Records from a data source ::
○ ○ ○

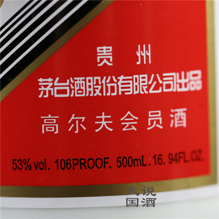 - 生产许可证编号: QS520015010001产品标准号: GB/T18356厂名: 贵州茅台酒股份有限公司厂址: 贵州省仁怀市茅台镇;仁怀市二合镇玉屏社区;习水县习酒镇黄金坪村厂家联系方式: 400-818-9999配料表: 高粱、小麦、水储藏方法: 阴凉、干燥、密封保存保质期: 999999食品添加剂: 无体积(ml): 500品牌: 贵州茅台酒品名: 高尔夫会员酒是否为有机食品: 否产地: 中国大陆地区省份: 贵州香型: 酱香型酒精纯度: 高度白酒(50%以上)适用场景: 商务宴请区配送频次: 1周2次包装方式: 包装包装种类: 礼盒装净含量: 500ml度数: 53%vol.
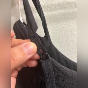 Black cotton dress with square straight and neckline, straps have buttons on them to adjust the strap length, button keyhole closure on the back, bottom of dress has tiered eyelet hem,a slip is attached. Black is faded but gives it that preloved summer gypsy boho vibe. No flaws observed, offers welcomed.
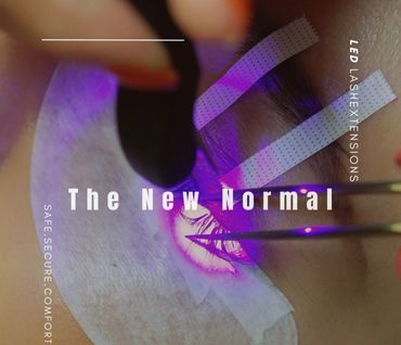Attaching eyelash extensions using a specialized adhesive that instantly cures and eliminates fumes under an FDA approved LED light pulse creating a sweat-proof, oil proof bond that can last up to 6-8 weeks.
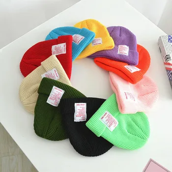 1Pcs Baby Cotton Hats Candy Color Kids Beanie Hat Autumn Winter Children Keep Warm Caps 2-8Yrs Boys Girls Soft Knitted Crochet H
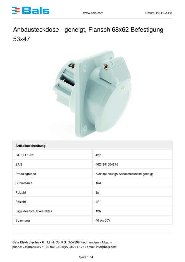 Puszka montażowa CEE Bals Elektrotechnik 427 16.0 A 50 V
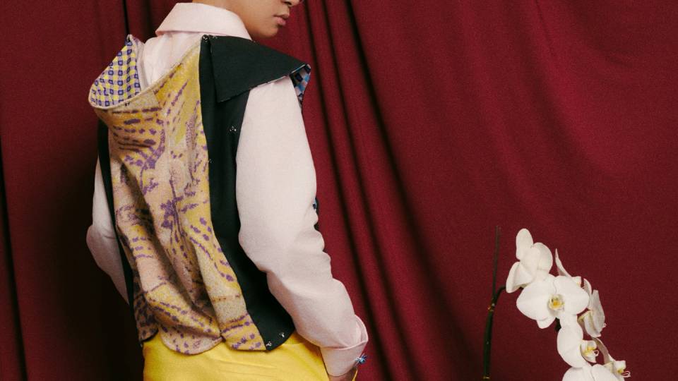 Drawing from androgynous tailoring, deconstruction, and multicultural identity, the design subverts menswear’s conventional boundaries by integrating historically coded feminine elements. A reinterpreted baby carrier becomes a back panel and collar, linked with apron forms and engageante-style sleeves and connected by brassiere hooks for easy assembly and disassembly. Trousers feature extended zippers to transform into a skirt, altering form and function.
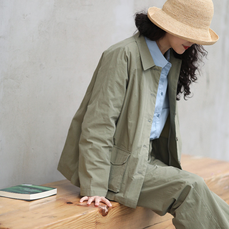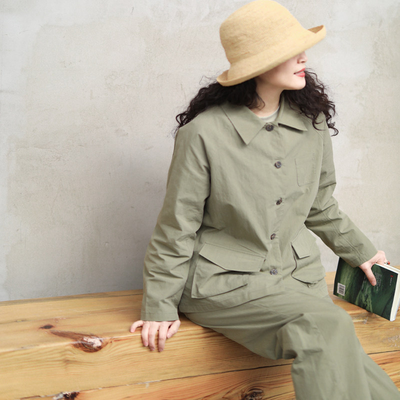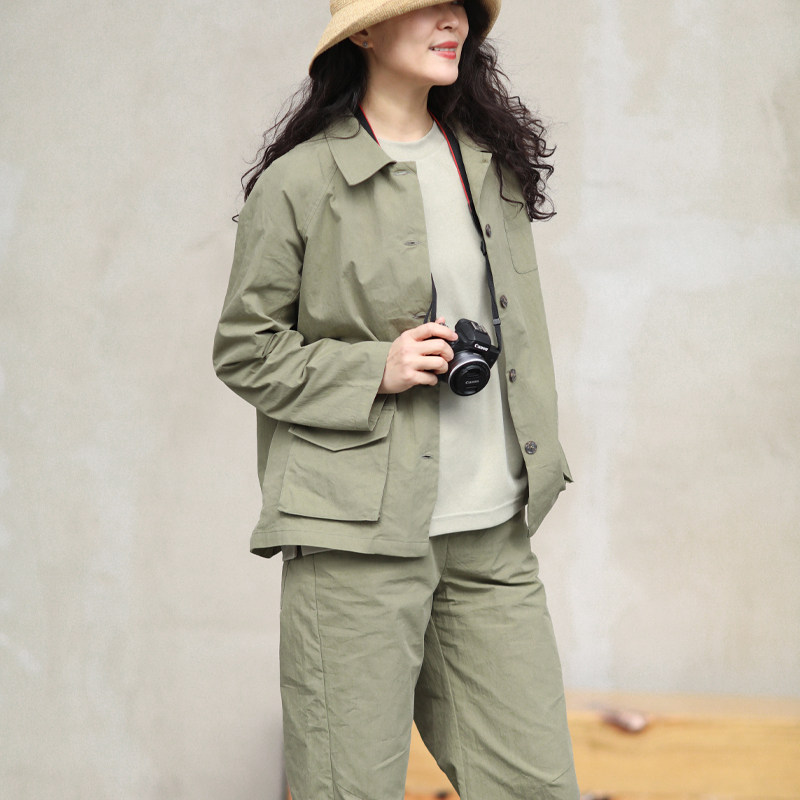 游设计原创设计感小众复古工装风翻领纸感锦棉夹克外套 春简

○ ○ ○

Required action :: Please give all of the data again, exact and free of pictures.

Expected answer ::
 - 生产许可证编号: QS520015010001产品标准号: GB/T18356厂名: 贵州茅台酒股份有限公司厂址: 贵州省仁怀市茅台镇;仁怀市二合镇玉屏社区;习水县习酒镇黄金坪村厂家联系方式: 400-818-9999配料表: 高粱、小麦、水储藏方法: 阴凉、干燥、密封保存保质期: 999999食品添加剂: 无体积(ml): 500品牌: 贵州茅台酒品名: 高尔夫会员酒是否为有机食品: 否产地: 中国大陆地区省份: 贵州香型: 酱香型酒精纯度: 高度白酒(50%以上)适用场景: 商务宴请区配送频次: 1周2次包装方式: 包装包装种类: 礼盒装净含量: 500ml度数: 53%vol.
 Black cotton dress with square straight and neckline, straps have buttons on them to adjust the strap length, button keyhole closure on the back, bottom of dress has tiered eyelet hem,a slip is attached. Black is faded but gives it that preloved summer gypsy boho vibe. No flaws observed, offers welcomed.
Attaching eyelash extensions using a specialized adhesive that instantly cures and eliminates fumes under an FDA approved LED light pulse creating a sweat-proof, oil proof bond that can last up to 6-8 weeks.
 1Pcs Baby Cotton Hats Candy Color Kids Beanie Hat Autumn Winter Children Keep Warm Caps 2-8Yrs Boys Girls Soft Knitted Crochet H
 Puszka montażowa CEE Bals Elektrotechnik 427 16.0 A 50 V
 Drawing from androgynous tailoring, deconstruction, and multicultural identity, the design subverts menswear’s conventional boundaries by integrating historically coded feminine elements. A reinterpreted baby carrier becomes a back panel and collar, linked with apron forms and engageante-style sleeves and connected by brassiere hooks for easy assembly and disassembly. Trousers feature extended zippers to transform into a skirt, altering form and function.
 游设计原创设计感小众复古工装风翻领纸感锦棉夹克外套 春简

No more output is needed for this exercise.